Fleur-de-Marie, although plunged very young into an atmosphere of corruption, had since respired an air so pure, that she experienced a painful oppression at the horrid story of La Louve. Suppressing the emotion which the sad confession of her companion had caused her, she said to her, timidly, "Listen to me without being angry."

"Come, say on; I hope I have talked enough; but, in truth, all the same, since it is the last time we shall converse together."

"Are you happy, La Louve?"

"What do you mean?"

"With the life you lead?"

"Here at Saint Lazare?"

"No; at your home, when you are free."

"Yes, I am happy."

"Always?"

"Always."

"You would not change your lot for any other?"

"For what other? There's no other lot for me."

"Tell me, La Louve," continued Fleur-de-Marie, after a moment's silence, "do you not sometimes like to build castles in the air here in prison?

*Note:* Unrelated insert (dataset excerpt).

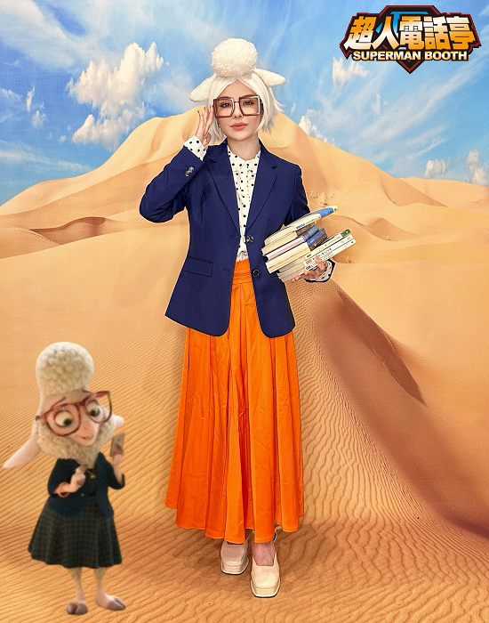 動物方程式楊咩咩副市長cosplay變裝服裝出租(租借) 角色名稱 : 動物方程式 – 楊咩咩副市長 商品代號 : AB4374 商品尺寸 : M 商品包含 : 1 – 襯衫 2 – 外套 3 – 裙子 4 – 綿羊髮箍 5 – 眼鏡 【額外加租配件】 1 – 圖示假髮 代號 AW1005 $300 2 – 圖示綿羊頭套 代號 BB0164 $200

It is so amusing."

"Castles in the air?"

"About Martial."

"Martial?"

"Yes."

"Ma foi, I never have."

"Let me build one for you and Martial."

"What's the use?"

"To pass the time."

"Well, let us see this castle."

"Just imagine, for example, that by chance you should meet some one who should say to you, 'Abandoned by your father and mother, your childhood has been surrounded by bad examples; that you must be pitied as much as blamed for having become—'"

"Having become what?"

"What you and I—have become," answered Goualeuse, in a soft voice. "Suppose this person were to say to you, 'You love Martial—he loves you; leave your present mode of life, and become his wife.'"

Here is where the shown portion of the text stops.